Mars is a meme planet with no real resources or reason to settle aside from the reason that it looks cool. The planet's core is essentially dead, meaning there's no magnetic field to protect the surface from deadly space radiation. As a result, all colonial buildings would have to be built underground and pressurised, just like a space habitat. Not too bad, right? Well, Mars' atmosphere is thin enough that, for human purposes, it's a vaccuum, but for attempts to land on the planet, it's the worst kind of atmosphere. Solar wind blows away any significant atmosphere but there's just enough there to be awkward - spacecraft landing on Mars will burn up in the atmosphere if they are built with no consideration for atmosphere but the atmosphere is also too thin to be used for direct aerobraking (such as landings on Earth or Titan) - requiring a joint mechanism for landing that incorporates rocket engines and parachutes, increasing complexity and cost for any mission landing on Mars. This is less space useful for "dry" mass (people, food, water, supplies, anything that isn't the spacecraft structure + fuel essentially).
What else does Mars have? Well, there's the one-third Earth gravity that could cause the potential for muscle atrophy and reduced bone density (among other potential health risks we can't estimate yet), particularly for those growing up in such an environment. People growing up on Mars and living their entire lives there would have to perform rigourous training regimens to ever be able to go back to Earth-normal gravity, as otherwise their bodies would weigh three times as much as they would be used to. What about the drastic temperature variation that Mars recieves every day-night cycle that would quickly wear down and destroy exposed components such as communications equipment, I mean that's pretty drastic.

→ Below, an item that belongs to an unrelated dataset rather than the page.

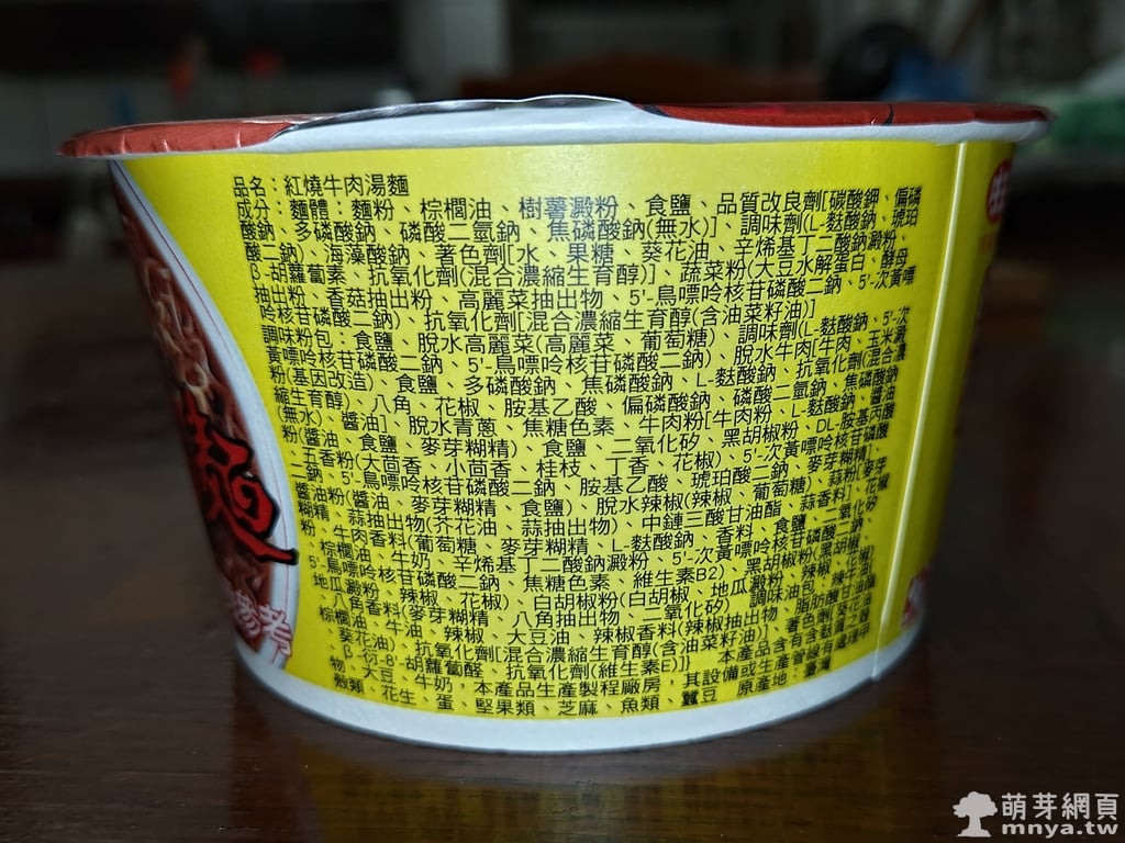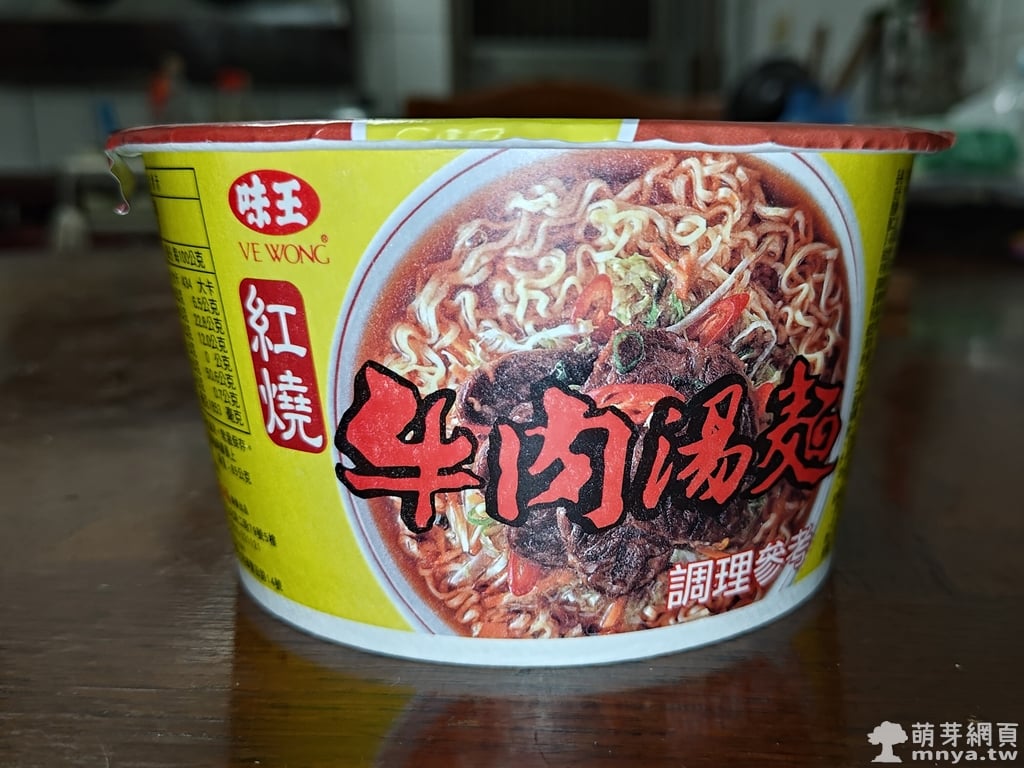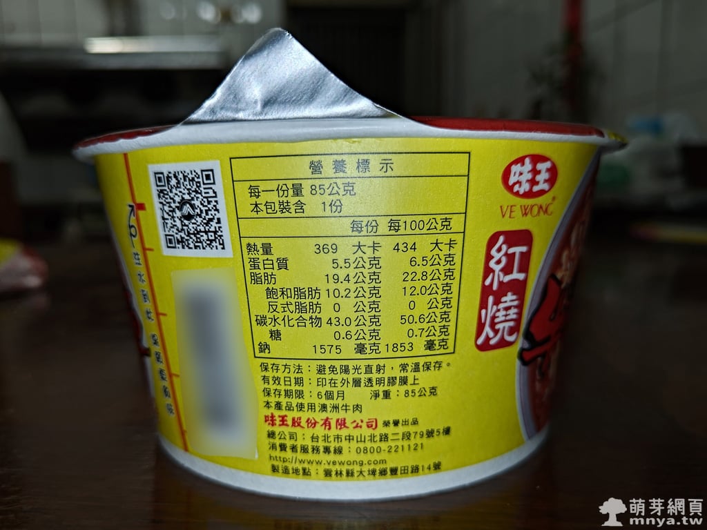 這款味王紅燒牛肉湯碗麵,一碗只要 22 元(美廉社購入),份量 85 公克,採用紙碗包裝,簡單又環保。內容物包含麵餅、調味粉包、調味油包,成分中可見牛肉粉、脫水牛肉與多種香辛料,還特別添加了辣油與牛油提升湯頭層次。

This is all before considering that Mars has no particular natural resources that make it suited for habitation. Where Ceres, Deimos, Ganymede, Callisto and Europa have multiple-Earth's-worth of water ice, Titan has ample hydrocarbon lakes and the biggest heat sink in the solar system or Mercury has sunlight, Mars has nothing. Want minerals? The asteroid belt has you covered by an order of magnitude more, while also being much cheaper and less costly in regards to Delta-V to obtain. Even Mars' moons Deimos and Phobos are incredibly useful staging areas, as their essentially null gravity makes landing and extraction of ice easy, but their gravel-esque composition makes them easy to hollow out for cheap radiation shielding. But even then, if you can protect against radiation on Mars, you can do it a million times cheaper in space, while also being able to control the gravity of your habitat because of based centrifugal force, meaning you can easily live in 1G gravity your entire life.
This is all before considering that terraforming is a project that would require at least a civilisation at level two on the Kardashev scale (complete control of all resources of a given star) - where we only rank at barely 0.7 (not even capable of fully harnessing our own planet). Good luck trying to melt a literal planet's worth of mass to restart the core for that magnetic field, and another planet's worth to increase the gravity to Earth's. Not to mention the question of where you're going to get all of that water from to fill the oceans and the air to breathe, because all that mass has to come from somewhere too.
It's probably just easier to build a shit ton of space stations in a Dyson Sphere orbiting the sun tbh fam. Planets are more trouble than they're worth.